I appreciate Luke Lively granting me permission to use this interesting picture he captured. It well illustrates the Bible verse on it. For all of nature is just temporary, but its very existence attests to the need for a great First Cause to have made it all possible.
And that First Cause had to always be (or else it would have never been), which is one of the inferences Paul shows in Romans 1:20 that we can make from the creation itself: that God is eternal.
In addition, what has been made also implies the need for great intelligence to have designed all the vast varieties of living things — from the simple to the highly complex.
Just think of all there is to consider in our own anatomy! Our body consists of so many different needful components.
We not only have all of the right parts, but we also have them in all of the right and best places. For instance, where is a better place to have your hands than right there where you have them? Or to have your feet at the bottom of your legs, while your eyes are way up high to better see, as if from a tower?
How far different the eye is from the ear, or the heart from the brain, or the lungs from the kidneys, etc. Yet they each are very needful and have their own special function.
How can one believe that we all evolved from a mindless single-celled organism in a mud pond eons of years ago? How would that non-thinking substance know what would be necessary to form various creatures? And not only know of all of those needful parts, but then be sure they would form in all the right places? As some might say, “It takes more faith to believe in the general theory of evolution than to believe in the Bible’s account of creation.”

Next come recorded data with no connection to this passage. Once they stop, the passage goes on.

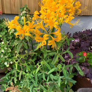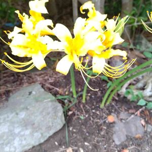 黄色いヒガンバナの仲間、リコリス・オーレアが咲きました✨。 黄色いヒガンバナはいくつか系統があるみたいですが区別がよく分かりません😆。 何年か前にホームセンターで買った球根です。
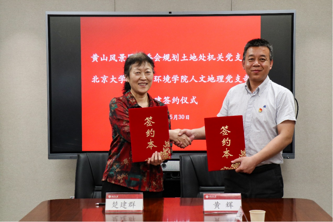 彭建指出,此次支部共建是城市与环境学院深入开展学习贯彻习近平新时代中国特色社会主义思想主题教育、创新探索高校党建工作新路径的重要举措,希望双方牢牢把握主题教育“学思想、强党性、重实践、建新功”的总要求,通过支部共建,把习近平新时代中国特色社会主义思想转化为坚定理想、锤炼党性、指导实践、推动工作的强大力量。充分发挥黄山世界遗产品牌和北京大学人文地理学专业优势,共同搭建多层次、多方位的党建业务合作平台,积累可复制可推广的党建科研深度融合经验。
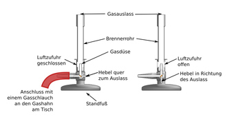 Bunsenbrenner mit Hebel, beschriftet
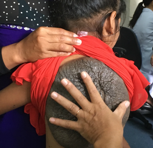 Phần bướu đen trên lưng cô bé có nhiều rãnh rộng trông như mai rùa.
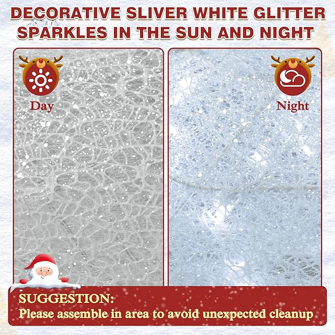 - LED Lights: The pre lit iridescent deer set is installed with dense 200 LED lights beads which make it sparkles colorfully in the sun and night. Observable color may vary by reflecting external light due to the nature of iridescent material
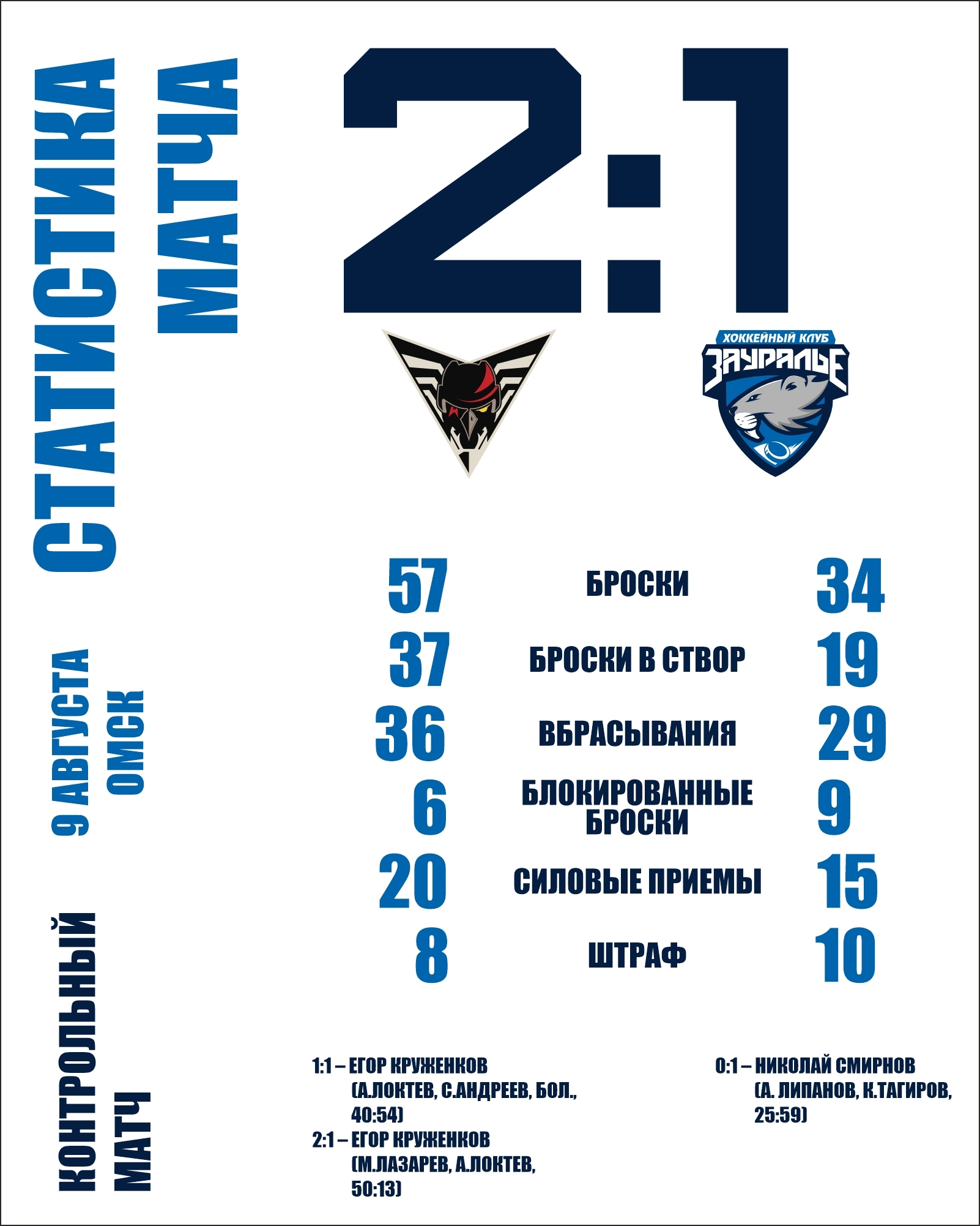 2:1 – Егор Круженков (М. Лазарев, А. Локтев, 50:13).

How could these, and the numerous other components that make up our bodies, come about by mere chance or coincidence?
How could so much complexity and vital integration of parts simply evolve from a non-thinking substance?
How did the genetic code come about, the information in our DNA, that helps form the way we are — and also does so for every living creature, and giving each one exactly what is needed, regardless of how vastly different one creature is from another? Just as computer software required a programmer, who or what programmed the DNA to be able to encode the right genetic instructions for the intelligent development of all known living organisms? Did it not also have need of a Programmer, a Designer?
Not one man-made thing — whether great or small — ever came about without man’s ingenuity and involvement. But are we to make an exception to that principle when it comes to our entire universe and every non-man-made thing therein? That it required no “inventor,” no “designer,” and no “builder” or “producer”?
As Paul points out, God’s “eternal power and divine nature” have “been clearly seen…through what has been made, so that they are without excuse” (Rom. 1:20).
All of nature is a reminder of God. As David writes, “The heavens are telling of the glory of God; And their expanse is declaring the work of His hands” (Psa. 19:1).
The child of God knows who to thank for the wonders and beauties of creation. And by looking into His word we have the additional source that reveals even more about the Lord and those needful instructions pertaining to salvation. Let us, therefore, not neglect to examine that message. For it is “the power of God for salvation” (Rom. 1:16) and the words of eternal life (Jn. 6:68).